- Dataset records
┌──

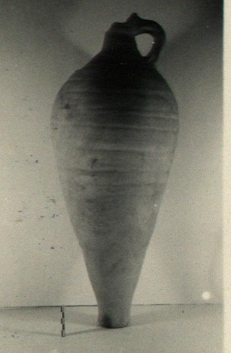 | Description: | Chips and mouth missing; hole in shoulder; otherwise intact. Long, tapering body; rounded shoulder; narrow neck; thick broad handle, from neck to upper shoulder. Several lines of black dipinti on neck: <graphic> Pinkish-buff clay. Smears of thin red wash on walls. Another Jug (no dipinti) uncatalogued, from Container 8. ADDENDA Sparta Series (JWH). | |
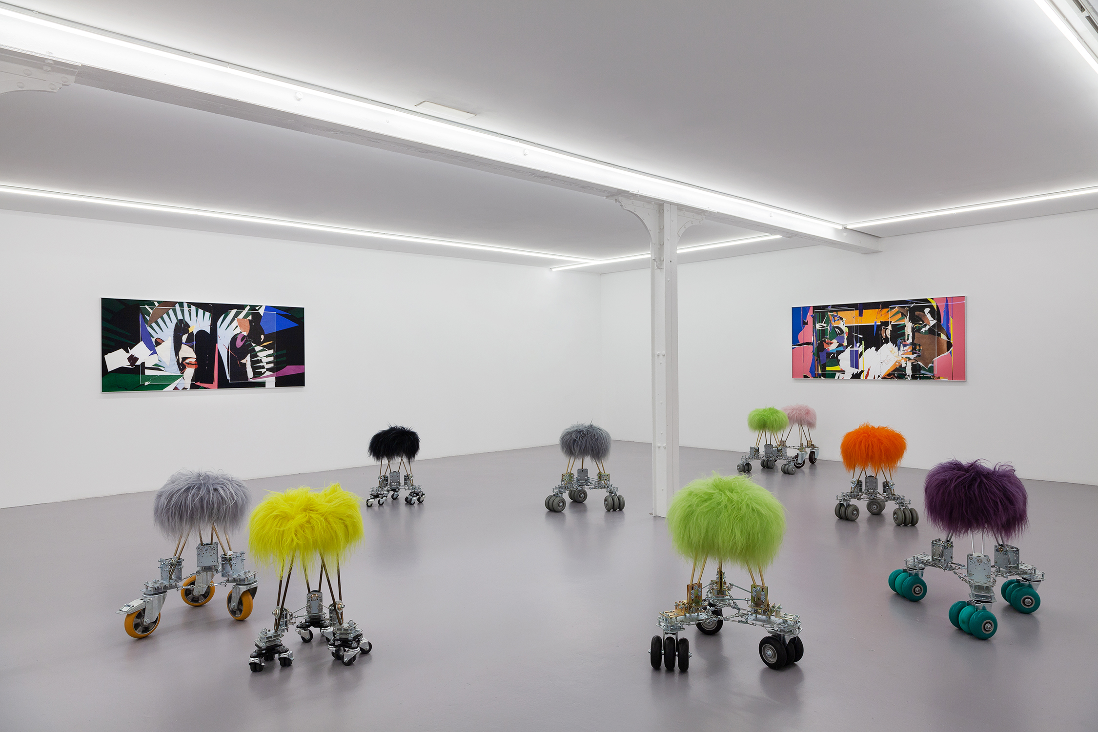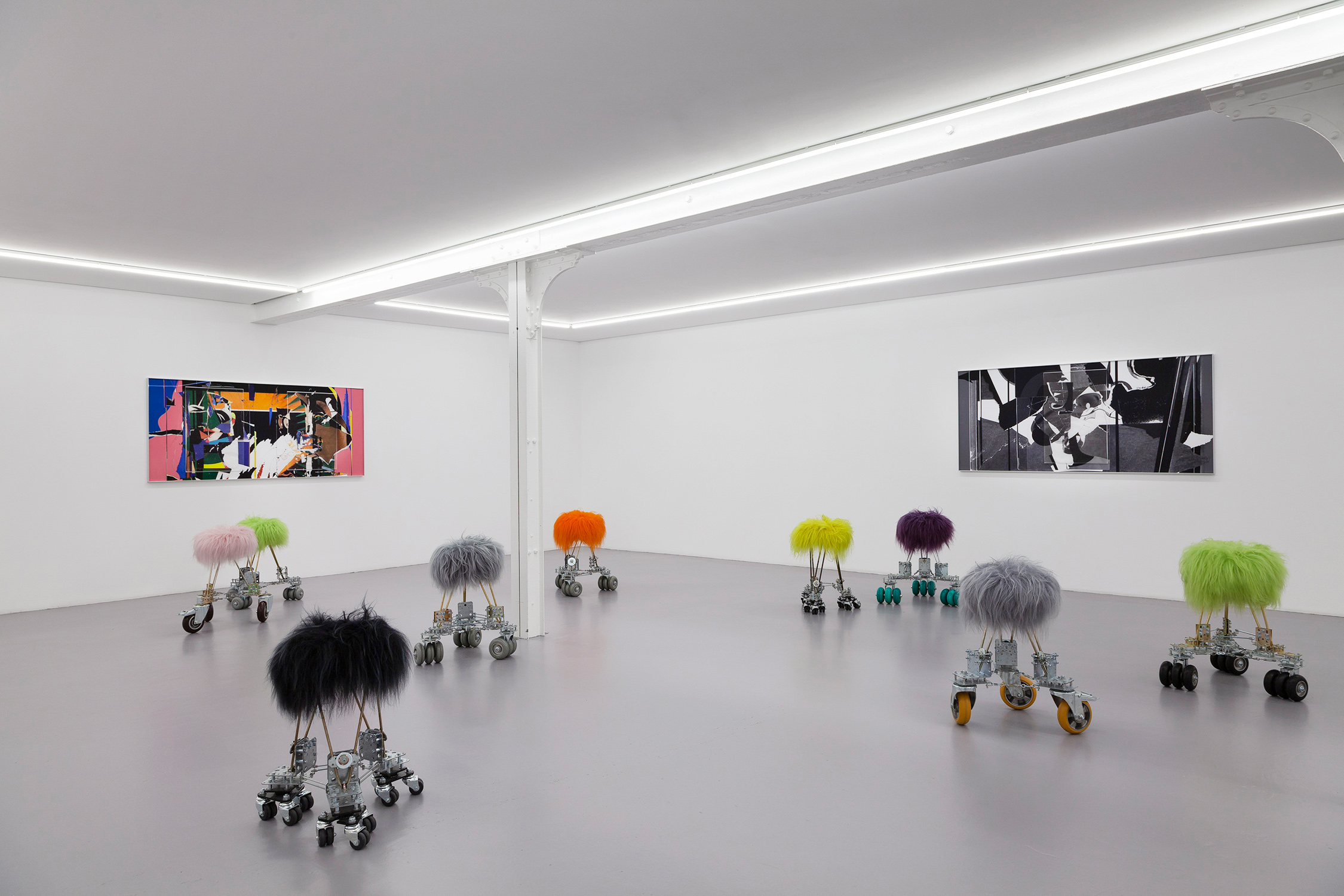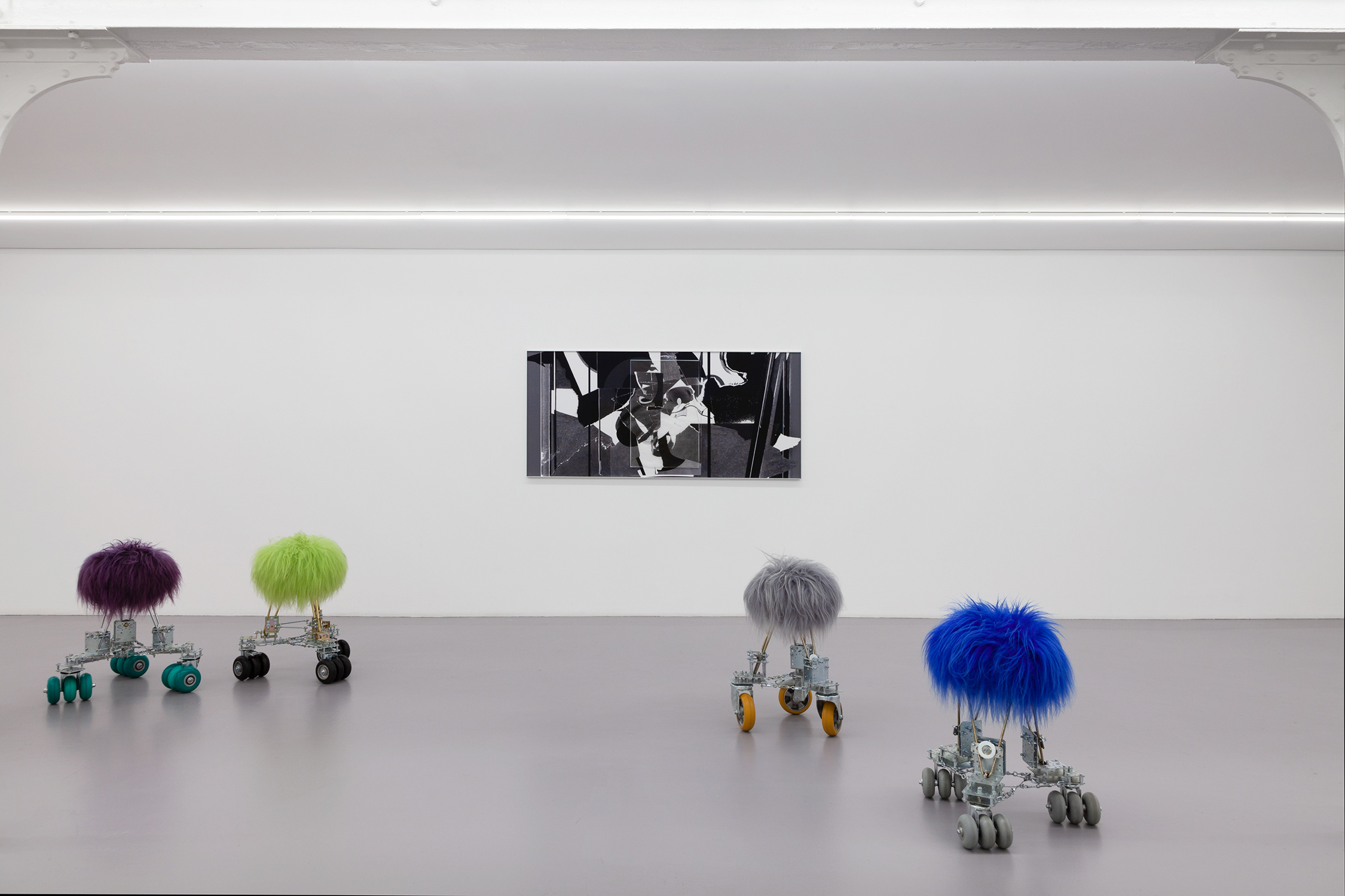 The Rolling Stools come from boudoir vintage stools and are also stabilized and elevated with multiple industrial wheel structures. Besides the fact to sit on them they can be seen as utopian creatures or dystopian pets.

└──
┌──

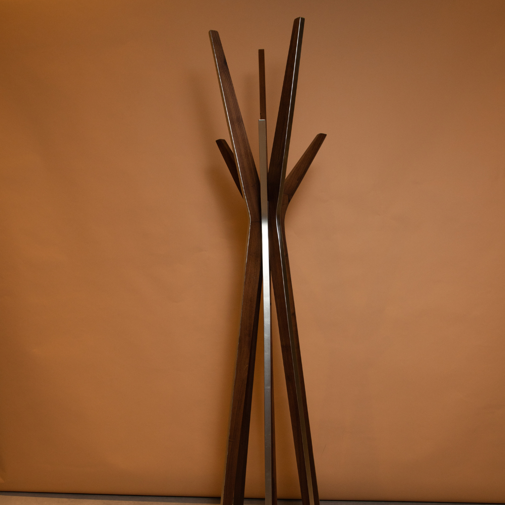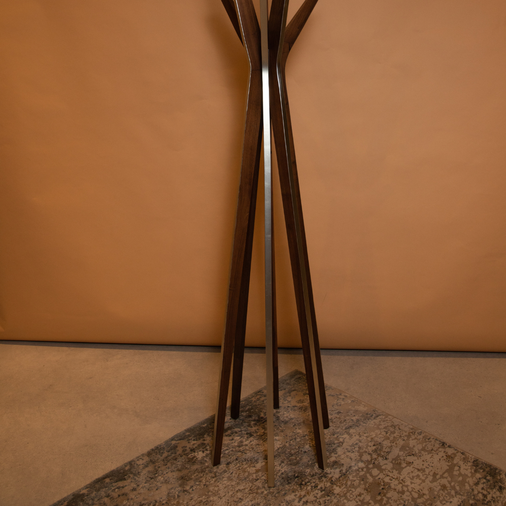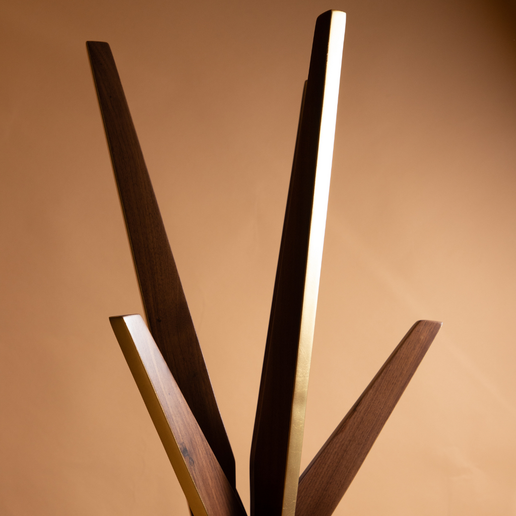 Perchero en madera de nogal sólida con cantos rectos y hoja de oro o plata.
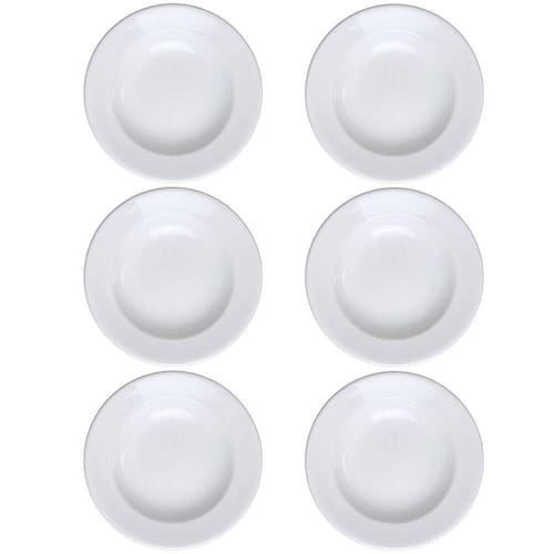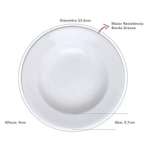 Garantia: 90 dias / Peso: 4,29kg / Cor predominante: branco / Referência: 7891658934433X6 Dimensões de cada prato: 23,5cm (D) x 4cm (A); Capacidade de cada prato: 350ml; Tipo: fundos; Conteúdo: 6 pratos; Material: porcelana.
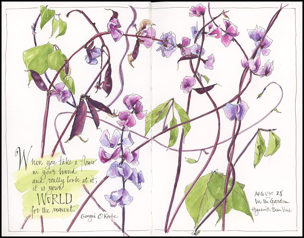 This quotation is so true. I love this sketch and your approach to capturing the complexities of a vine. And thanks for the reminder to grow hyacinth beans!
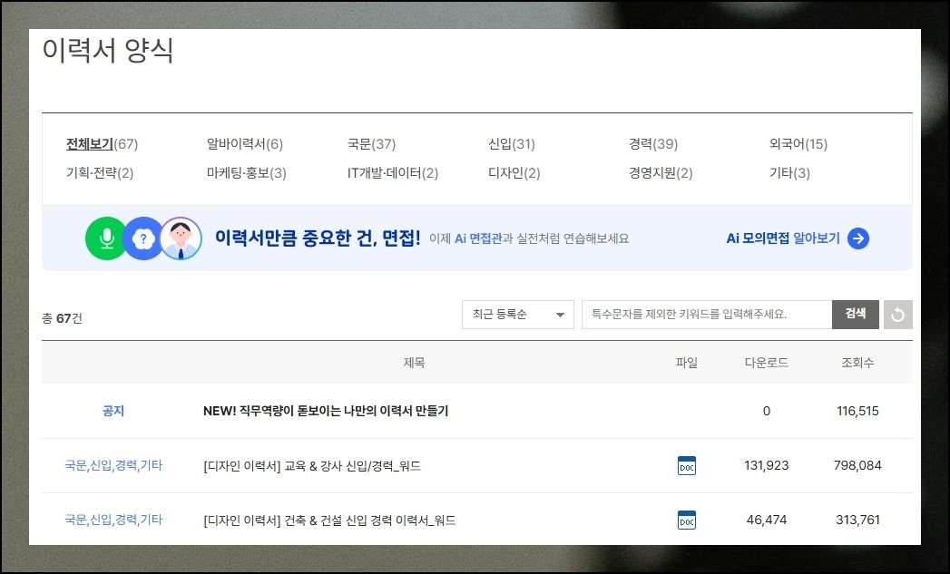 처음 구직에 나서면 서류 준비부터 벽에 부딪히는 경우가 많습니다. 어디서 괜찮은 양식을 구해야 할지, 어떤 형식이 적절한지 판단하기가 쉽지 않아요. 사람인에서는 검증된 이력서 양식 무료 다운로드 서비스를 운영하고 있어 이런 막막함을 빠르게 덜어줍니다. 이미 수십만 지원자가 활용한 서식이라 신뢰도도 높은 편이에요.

└──

- Work required
Those lines of the records above that run from the one containing "Garantia: 90 dias" through the one containing "처음 구직에 나서면 서류" should be returned exactly, with no pictures among them.

- Completed task
 Garantia: 90 dias / Peso: 4,29kg / Cor predominante: branco / Referência: 7891658934433X6 Dimensões de cada prato: 23,5cm (D) x 4cm (A); Capacidade de cada prato: 350ml; Tipo: fundos; Conteúdo: 6 pratos; Material: porcelana.
 This quotation is so true. I love this sketch and your approach to capturing the complexities of a vine. And thanks for the reminder to grow hyacinth beans!
 처음 구직에 나서면 서류 준비부터 벽에 부딪히는 경우가 많습니다. 어디서 괜찮은 양식을 구해야 할지, 어떤 형식이 적절한지 판단하기가 쉽지 않아요. 사람인에서는 검증된 이력서 양식 무료 다운로드 서비스를 운영하고 있어 이런 막막함을 빠르게 덜어줍니다. 이미 수십만 지원자가 활용한 서식이라 신뢰도도 높은 편이에요.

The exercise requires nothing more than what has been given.